22 Since you have in obedience to the truth purified your souls for a sincere love of the brethren, fervently love one another from the heart, 23 for you have been born again not of seed which is perishable but imperishable, that is, through the living and enduring word of God. 24 For, “All flesh is like grass, and all its glory like the flower of grass.The grass withers, And the flower falls off, 25 But the word of the Lord endures forever.” And this is the word which was preached to you. 1 Peter 1:22-25 (NASB)
The Puritans had a term they used in their theological writings and discussions describing professing believers who fell away or were in some way not consistent in their walk. They called them “temporary believers.”

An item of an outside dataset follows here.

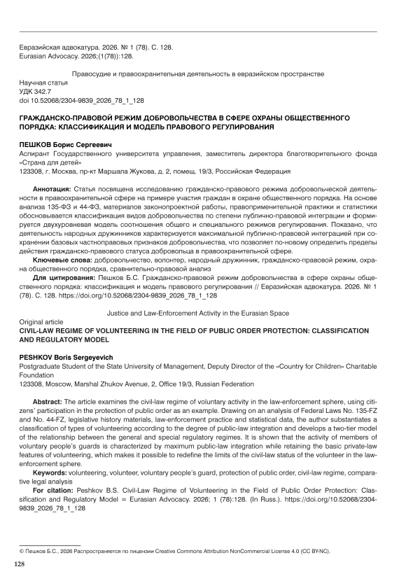 The article examines the civil-law regime of voluntary activity in the law-enforcement sphere, using citizens’ participation in the protection of public order as an example. Drawing on an analysis of Federal Laws No. 135‑FZ and No. 44‑FZ, legislative history materials, law-enforcement practice and statistical data, the author substantiates a classification of types of volunteering according to the degree of public-law integration and develops a two-tier model of the relationship between the general and special regulatory regimes. It is shown that the activity of members of voluntary people’s guards is characterized by maximum public-law integration while retaining the basic private-law features of volunteering, which makes it possible to redefine the limits of the civil-law status of the volunteer in the lawenforcement sphere.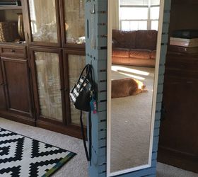 I have a full length mirror on the back. I couldn't believe it was only $5.99 from Target. The lazy susan hardware runs around $5 or $6 and the circle shaped piece of wood was $4.80 from Home Depot. This turned out to be a very budget friendly organization project.

This may be a little offensive to many these days, but there are untold numbers of Pastors, Deacons, Elders, Evangelists, or whatever in our churches in our time who would not even qualify for membership in a 17th Century Puritan Church. As I have stated many times, I grew up in Oklahoma as a Southern Baptist. I have seen literally hundreds (if not more) of “invitations.” In a large percentage of these invitations, people walked an aisle, prayed a sinner’s prayer, was baptized, and made a full member of the church. All of this taking place in a just a period of days. I have also observed a staggeringly high percentage of those professing believers last only a short period of time before disappearing from church never to be seen again.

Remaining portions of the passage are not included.